Strawberry Rhubarb Scones with White Chocolate Glaze
Ingredients
Scones
- 1/2 cup white bean flour
- 1/2 cup full fat coconut milk
- 1 Tablespoon fresh lemon juice
- 1 cup hulled buckwheat flour (sometimes called light buckwheat flour)
- 1/2 cup ground flax seeds
- 1/2 cup coconut flour
- 2.5 Tablespoons Great Lakes unflavored beef gelatin
- 1 teaspoon baking soda
- 1/4 teaspoon salt
- 1/4 teaspoon powdered stevia
- 1/8 teaspoon cinnamon, optional
- 1/4 cup Kerrygold butter (or coconut oil to keep it dairy-free)
- 3/4 cup pureed pear with the skin, previously frozen (see how I prepare my pureed pears in this post)
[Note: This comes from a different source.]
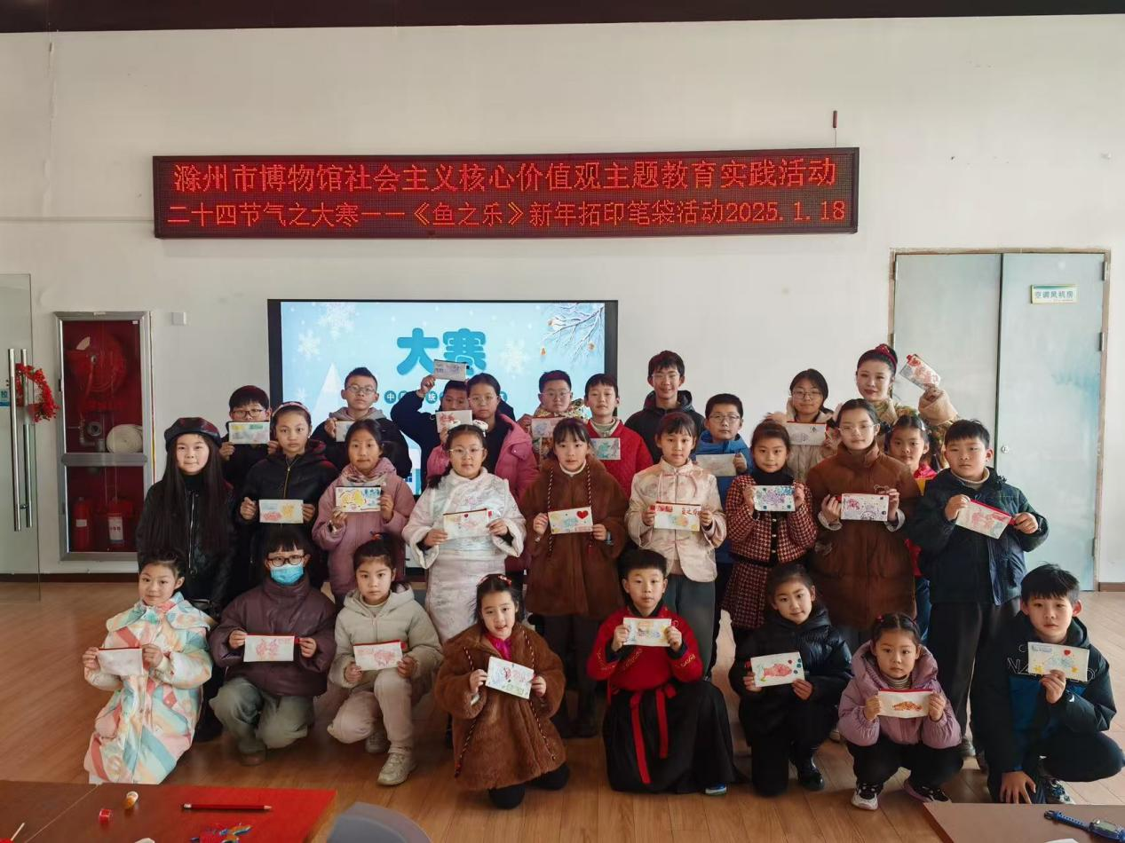 博物馆志愿者许薇老师从节气特征、各地习俗、节气养生以及大寒诗词等方面为青少年儿童们介绍了大寒节气的来历和意义。博物馆讲解员带领孩子们来到展厅,观看并介绍了《濠梁观鱼》的历史典故。拓印环节,大家发挥创意,用铅笔在吹塑板上刻画出了各种小鱼图案以及濠梁观鱼的镜面字体,再用彩色油墨印刷创造出一个个独一无二的笔袋。

- 1 Tablespoon vanilla extract
- 3/4 cup diced rhubarb (stalk only)
- 1 cup diced strawberries
White Chocolate Glaze
- 1/2 cup Sunspire white chocolate chips (fyi – white chocolate chips are not dairy-free)
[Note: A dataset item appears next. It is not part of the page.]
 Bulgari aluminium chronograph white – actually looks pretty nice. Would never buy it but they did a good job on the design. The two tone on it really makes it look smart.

- 2 Tablespoons full fat coconut milk or heavy whipping cream
Makes about 16 scones
Equipment Needed: Vitamix if grinding your own flour, a food processor, and two 3 quart glass oblong Pyrex baking dishes
The Scones
- Mix the white bean flour, coconut milk, and lemon juice together in a bowl. Let it sit at least one hour. (The purpose is to soak the white bean flour to help with digestion.) It will turn into a paste like consistency. That’s OK! It’s also OK if it sits a little longer than an hour.
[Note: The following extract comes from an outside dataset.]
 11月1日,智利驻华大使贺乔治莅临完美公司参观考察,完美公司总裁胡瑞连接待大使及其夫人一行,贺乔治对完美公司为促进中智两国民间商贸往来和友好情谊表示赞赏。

- If you are using pre-frozen pear puree, make sure to pull it out of the freezer, remove it from the ziploc bag, and let it begin the thawing process in a bowl.
- Line two 3 quart oblong glass baking dishes with parchment paper and preheat the oven to 375° F.
- In another mixing bowl, thoroughly mix the rest of the dry ingredients together — the buckwheat flour, ground flax seeds, coconut flour, gelatin, baking soda, salt, stevia, and optional cinnamon.
- Place the white bean flour/coconut milk/lemon juice mixture, the butter, the pear puree (whether it’s frozen or thawed), and the vanilla in a food processor. Blend into smooth.
- Chop the rhubarb + strawberries if you haven’t done so yet. Chopping them now gives the white bean flour more time to soak.
- Take the wet mixture from the food processor and mix it with the dry ingredients in the mixing bowl.
- Once the dough is thoroughly mixed, add the diced rhubarb and strawberries. Carefully, evenly distribute throughout the dough.
- Use a trigger ice cream scoop to scoop out the dough in rounded balls. Place scoops on the parchment paper lined glass baking dish.
- Bake @ 375° F for 25 to 28 minutes or until done.
The Glaze
- In a double boiler, melt 1/2 cup Sunspire white chocolate chips with 2 Tablespoons of coconut milk or heavy whipping cream. Stir well. Drizzle on scones. Scones should not be hot when applying the drizzle, but it is OK if they are warm.
Notes:
- Please read this post on how I prepare my pureed pears. I have had some people use unripe pears for their pear puree and the recipe doesn’t quite work as well. For this recipe, I simply pulled out one of my previously frozen 3/4 cup pear puree packets. I let it sit on the counter for a little bit but it was mostly frozen when I worked it into the recipe.
- I make my own buckwheat flour in a Vitamix with raw, hulled buckwheat. Make sure you do not use unhulled buckwheat flour, which is darker in color and would provide a different flavor.
- I made these both with and without the 1/8 teaspoon cinnamon. I couldn’t decide which version I liked better! You decide.
- Pulsing the diced rhubarb in your food processor may help minimize any crunchy texture issues.
- Note that the rhubarb and strawberry mix-ins are MAXIMIZED. It will feel like there are too many! It’s OK, it will still work. Make sure not to pack down the measuring cups or you will have too much.
- Baking time is for baking the scones on a glass Pyrex dish. If you are using a different type of pan, the baking time may be different.
- I like them best generously dusted with Saigon cinnamon on top of the white chocolate glaze.